Fig. 5. Differential localization of P. berghei MAEBL in oocyst and salivary gland sporozoites

Anti-MAEBL and anti-CS antibodies were used to localize the corresponding proteins on sporozoites. The source of sporozoites was as follows: MG D15, midguts on day 15 after infection; MG D22, midguts on day 22 after infection; SG D25, salivary glands on day 25 after infection. The sporozoites were counterstained with 4,6-diamidino-2-phenylindole (DAPI) to show the location of the nucleus. The MG D15 pattern was consistently observed in three independent preparations. No reproducible differences of protein distribution between day 22 MG and day 25 SG sporozoites were observed.

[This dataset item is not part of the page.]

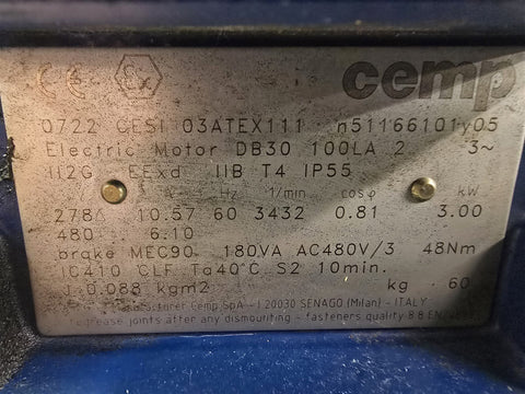 Cemp 0722CESI03ATEX111 3kW AC Motor 3600RPM 2P 3PH 278/480 60Hz [[Description]]BV 166236---SS284-W-5-1-4-B---151.00

Fig. 6. Regulation of AMA1 expression in sporozoites

A, anti-AMA1 and anti-CS antibodies were used to localize the corresponding proteins on sporozoites. The source of sporozoites was as follows: MG D15, midguts on day 15 after infection; MG D22, midguts on day 22 after infection; SG D25, salivary glands on day 25 after infection. Sporozoites with no AMA1 expression were stained with 4,6-diamidino-2-phenylindole, which labels the nucleus, to show the presence of the parasite. B, cross-sectional view of salivary gland sporozoites labeled with anti-AMA1 antibody. Immuno-electron microscopy shows the surface localization of AMA1 on salivary gland-invaded sporozoites. No staining was observed with midgut sporozoites (data not shown).